In May 2025, Beijing Tiantan Hospital, in collaboration with multiple research institutions across China, jointly established a clinical and translational ward for brain-computer interface (BCI), focusing on scientific research, clinical trials, and promoting the transformation of related technological achievements; In April 2025, the comprehensive clinical experimental ward for brain-computer interface, a collaboration between Haihe Laboratory of Tianjin University and Tianjin Huanhu Hospital, began construction, systematically deploying comprehensive BCI clinical solutions for various types of severe neurological conditions… The ecosystem for collaborative innovation in brain-computer interface is rapidly taking shape.

Policy Support: Better Serve People's Health

The interviewed experts believe that the application of brain-computer interface in the health field is still in its infancy, facing issues such as the review and approval of medical devices, the lack of service charge standards, and medical insurance access. There is an urgent need to introduce and implement relevant policies to address these problems specifically.

"The 15th Five-Year Plan proposal suggests 'promoting quantum technology, biomanufacturing, hydrogen energy and nuclear fusion, brain-computer interfaces, embodied intelligence, and sixth-generation mobile communications to become new economic growth points.' Since 2025, China has introduced a series of policy measures to advance the clinical application of brain-computer interfaces."

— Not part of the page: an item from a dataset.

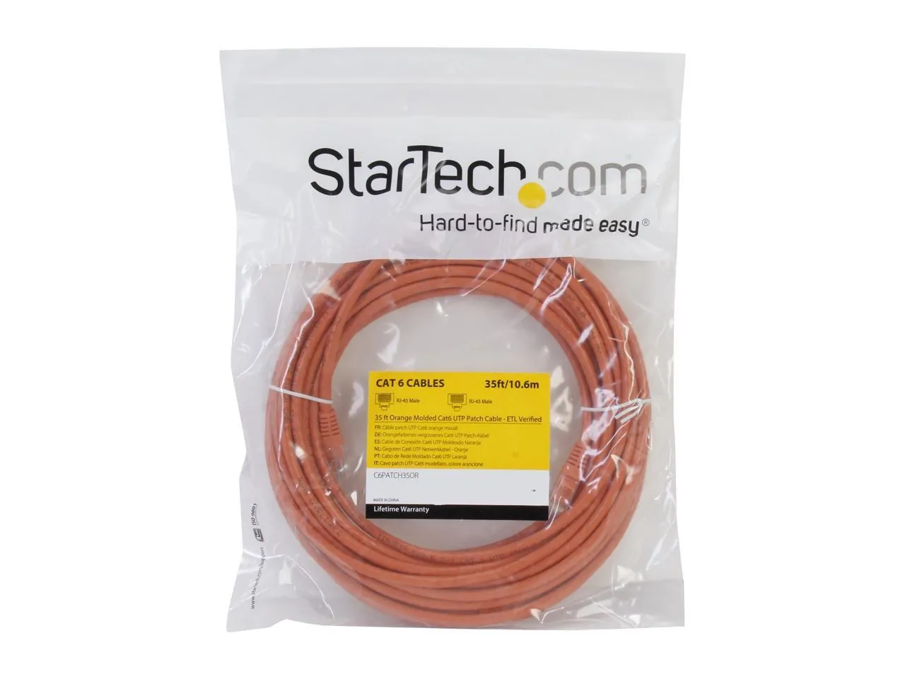The StarTech.com 35 ft. Cat 6 Orange Molded RJ45 UTP Gigabit Patch Cable is designed for high-performance data transmission. This durable cable is perfect for connecting your network devices, ensuring speedy connections and reliability.

In March 2025, under the guidance of the National Healthcare Security Administration, the Hubei Provincial Healthcare Security Bureau introduced the first nationwide medical service price program for brain-computer interface technology. Subsequently, in the project guidelines for the nervous system issued by the National Healthcare Security Administration, brain-computer interface was independently established as a separate project to address issues regarding product pricing. Currently, provinces such as Hubei, Zhejiang, and Sichuan have implemented this program.

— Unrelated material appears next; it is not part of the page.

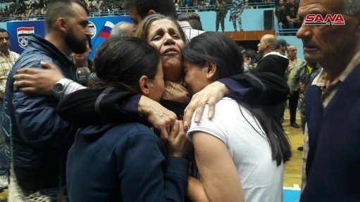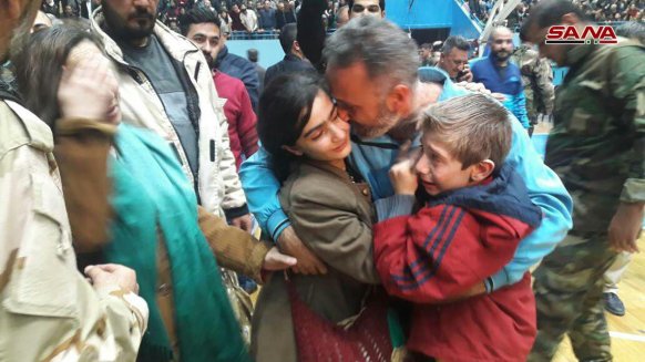 Στιγμές συγκλονιστικές στιγμές μεγάλης νίκης. Η Συρία δεν πρόκειται να κοιμηθεί απόψε. Ζει συγκλονιστικές στιγμές από την απελευθέρωση 5 με 6.000 ατόμων που απήχθηκαν και κρατούνταν όμηροι από την τρομοκρατική οργάνωση Jaysh al Islam. H υποδοχή τους γίνεται στο Στάδιο Faiha όπου τους ανέμεναν οι συγγενείς τους. Το α΄λεωφορείο με τους ομήρους βασανισθέντες που απελευθερώθηκαν έφθασε ήδη στο κλειστό αθλητικό κέντρο.

In July 2025, the Ministry of Industry and Information Technology and six other departments jointly issued the "Implementation Opinions on Promoting the Innovative Development of the Brain-Computer Interface Industry," proposing multiple measures such as strengthening fundamental software and hardware research, creating high-performance products, and empowering innovative entities. This policy marks the first instance of cross-departmental collaboration, covering the entire chain from brain-computer interface technology R&D, standard setting to clinical application.

In September 2025, the National Medical Products Administration (NMPA) released the "Terminology for Medical Devices Using Brain-Computer Interface Technology." Yuan Peng, Deputy Director of the NMPA's Department of Medical Device Registration, introduced that brain-computer interface medical devices integrate multiple disciplines such as neuroscience, clinical medicine, and computer science. The same concept may have different expressions in different fields, and the lack of standardized terminology and inconsistent concepts have become fundamental challenges hindering industry development. The release of this standard establishes a unified "language" system for this emerging field, supporting its standardized and orderly development.

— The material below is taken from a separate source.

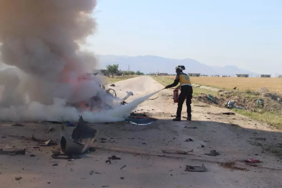 وأكد الدفاع المدني أن حريقاً ضخم في اندلع في السيارتين على خلفية انفجار اللغم, حيث تمكنت فرق الإطفاء من السيطرة على الحريق وإخماده بشكل كامل وانتشال الشهداء وإسعاف المصابين.

To accelerate the research, development, and market entry of brain-computer interface medical devices, in December 2025, the National Medical Products Administration (NMPA) included implantable brain-computer interface medical devices in the priority review list for high-end medical devices. Yuan Peng stated that brain-computer interface medical devices are a typical representation of high-end medical devices and new quality productive forces, which will bring significant changes to human health in the future. The NMPA will strengthen its support for brain-computer interface technology through expedited review and approval processes and scientific regulation, enabling it to better serve public health.